Ripken, who will go into the Hall later this month along with Tony Gwynn, said the record is more amazing to him in retrospect than it was during the streak.
``If I was able to do it, certainly somebody else can do it,'' Ripken said. ``I wasn't Superman by any means, and it takes a special set of circumstances, a little bit of stubbornness and a lot of luck, and it can be done.
Yankees shortstop Derek Jeter is not sure it's as easy as Ripken makes it out to be. Right now, Juan Pierre of the Los Angeles Dodgers is the closest player to the mark with 361 consecutive games played.
``I don't think that can be broken,'' Jeter said. ``It's hard enough to play for a week, man, let alone for 14 years or however many years he played.''
BYE-BYE BRUCE: Baseball honored another of its iron men before the game by acknowledging umpire Bruce Froemming, who will retire after completing his 37th year in the majors.
At a news conference to formally announce the retirement, Froemming acknowledged that it's rare for an umpire to be the center of attention when it's not about a controversial call. Froemming was behind the plate for the All-Star game.
``Usually they're ready to kill me when I'm up here,'' he said.
Froemming began umpiring at age 18 when he went directly from high school to the long-gone Nebraska State League. He became a big league ump in 1971 - Expos-Mets at Shea Stadium was his first game, and it was cut short by snow after five innings.
Froemming has worked five World Series, 10 league championship series and a record eight division series. He also did the All-Star game in 1975 and 1986.
Froemming has called 5,095 regular-season games in his career. Bill Klem holds the record with 5,368, working from 1905-40.
``I say I've had a great run,'' Froemming said. ``You've got to step away sometime and I thought the timing was right and MLB has gone the extra step to make it an easy transition and whatever I do in the future, probably would be with MLB to help out in some capacity.''
MURPH'S MUSINGS: Giants longtime equipment manager Mike Murphy is one of the few people to witness all three All-Star games in San Francisco.
Murphy, who began his tenure with the Giants in 1958 as bat boy in the team's first season in San Francisco, was also on hand when the city hosted the games in 1961 and 1984.
``They're all different but they're all exciting,'' he said. ``The biggest difference was yesterday. We didn't have the home run contest back then. So that was much more entertaining than the usual Monday.''
KICKOFF: With his Reds mired in last place in the NL Central, Ken Griffey Jr. is already sensing a change in focus among people in Cincinnati.
``You know what they say. The best thing about the All-Star game is that football is around the corner,'' Griffey said. ``It's been that was the last couple of years now. We have a guy racing a horse now.''
That's how much Bengals-mania has grown as the team that used to be a laughingstock in the NFL is now a serious contender. Last month, there was much hype around receiver Chad Johnson's race with a horse named Restore the Roar.

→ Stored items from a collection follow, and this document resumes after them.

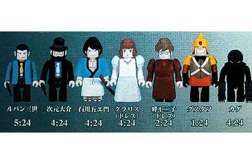 Latest Lupin the 3rd #1 characters kubricks from the Castle of Cagliostro series 1. Size around 2.4 inches tall. There is a total of 7 types, you will get one of them for this order.
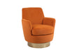 Velvet Swivel Barrel Chair, Swivel Accent Chairs Armchair For Living Room, Reading Chairs For Bedroom Comfy, Round Barrel Chairs With Stainless Steel Base - Orange / Gold
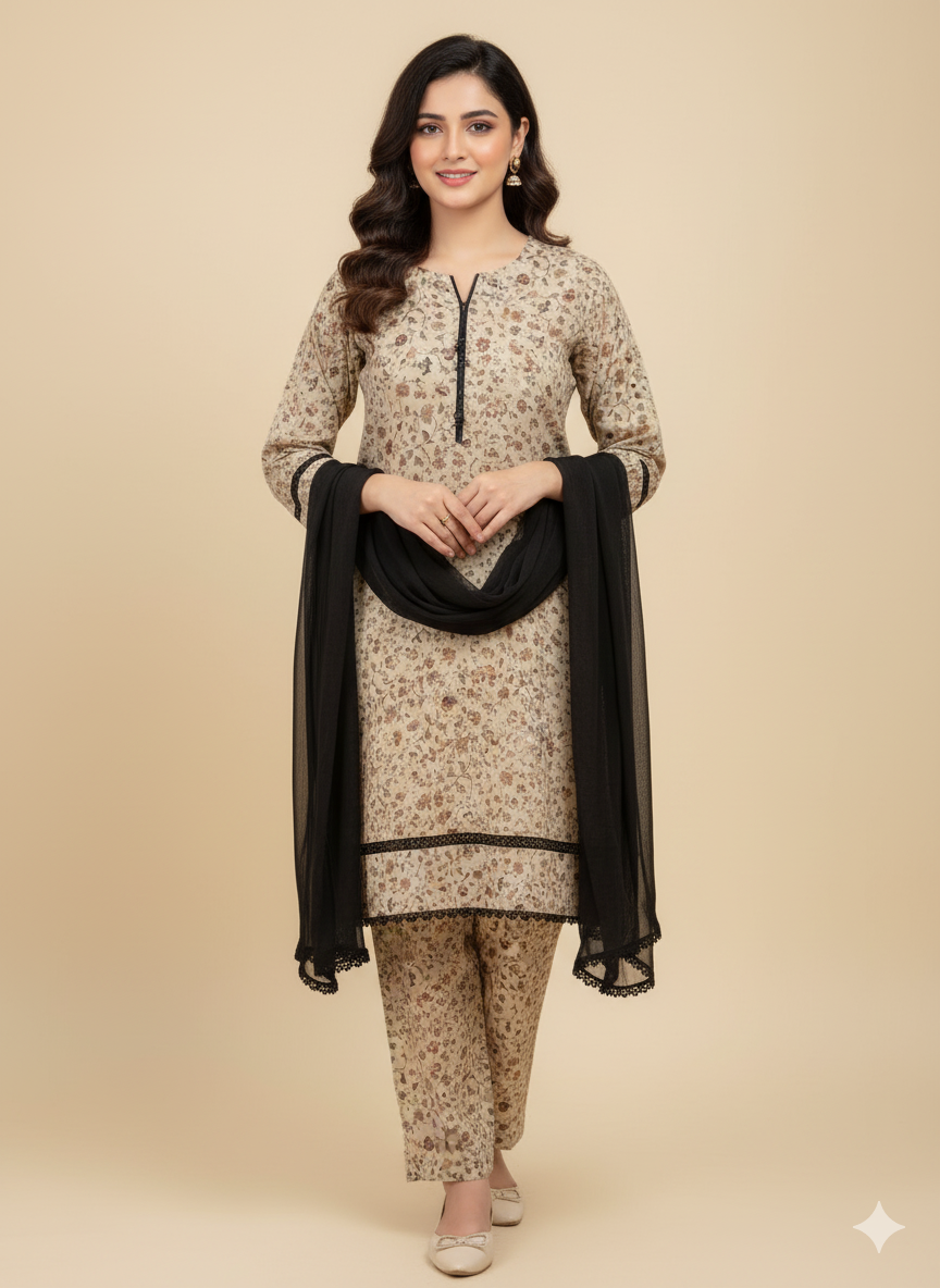 Make a lasting impression with the Zene Luxe 3-Piece Suit – where tradition meets sophistication. This beautifully coordinated ensemble includes a gracefully tailored kurta, a matching trouser, and a delicately designed dupatta. Perfect for festive occasions or formal gatherings, each piece reflects Zene’s commitment to timeless style and exceptional comfort.
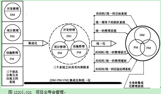 (2)將項(xiàng)目決策階段的開發(fā)管理(DM―Devel。pment Management)、實(shí)施階段的項(xiàng)目管理(PM――Project Management)和使用階段的設(shè)施管理(FM~Facility Man―agement)集成為項(xiàng)目全壽命管理(Lifecycle Management),其含義如圖1Z201021所示。
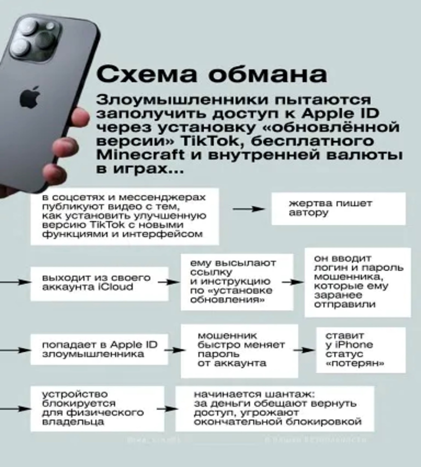 - ИГНОРИРУЙТЕ любые просьбы — от незнакомцев в социальных сетях, на сайтах знакомств — до «знакомых», просящих «быстро зайти в iCIoud или Apple ID со своего телефона». В противном случае ваш телефон будет заблокирован, а деньги вы потеряете безвозвратно.
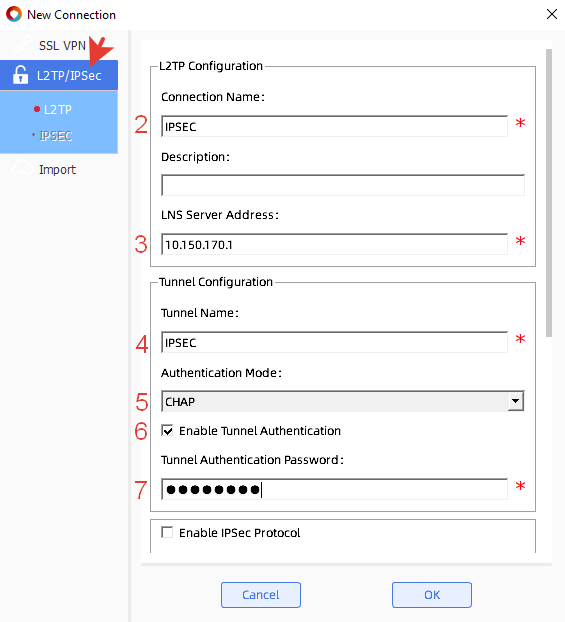 LNS Server Address – IP-адрес сервера L2TP «внешний», на который будет происходить подключение.
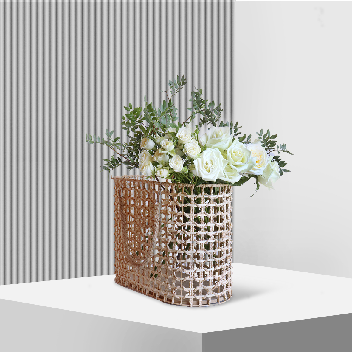 A basket of fresh 10 roses, 3 spray roses and Pistachia
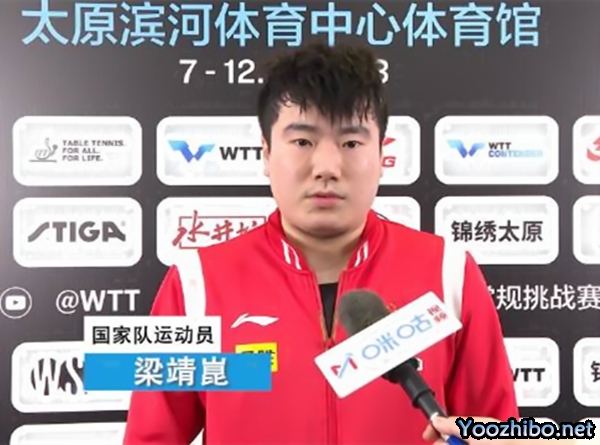 直播车讯北京时间11月11日,2023WTT常规挑战赛太原站男单1/4决赛向鹏vs梁靖崑,国乒队员梁靖崑以3-2险胜队友向鹏,晋级下一轮。比分为9-11、11-9、11-4、8-11、11-8。
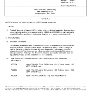 This SAE Aerospace Standard (AS) provides minimum design, installation (by manual and power methods) and removal requirements for AS3504 and AS3505 thin wall inserts and is applicable when specified on engineering drawings or in procurement documents.

Johnson was spotted a 100-meter lead - roughly about half the distance the horse had to cover - and won the race for charity.

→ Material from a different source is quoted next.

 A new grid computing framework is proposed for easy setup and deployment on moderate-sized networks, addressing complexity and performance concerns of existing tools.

WINNING BID: Fans bid on some historical memorabilia at baseball's fan fest, with one collector paying $322,000 for a Babe Ruth autographed bat from the 1923 World Series.
Other items sold by Hunt Auctions, Inc., included original lineup cards from the inaugural All-Star game in 1933 that went for $138,000, a Ty Cobb game-used bat for $69,000, a Ted Williams 1955 road jersey for $51,750 and a Lou Gehrig signed baseball for $51,750.
AP Sports Writer Greg Beacham contributed to this report.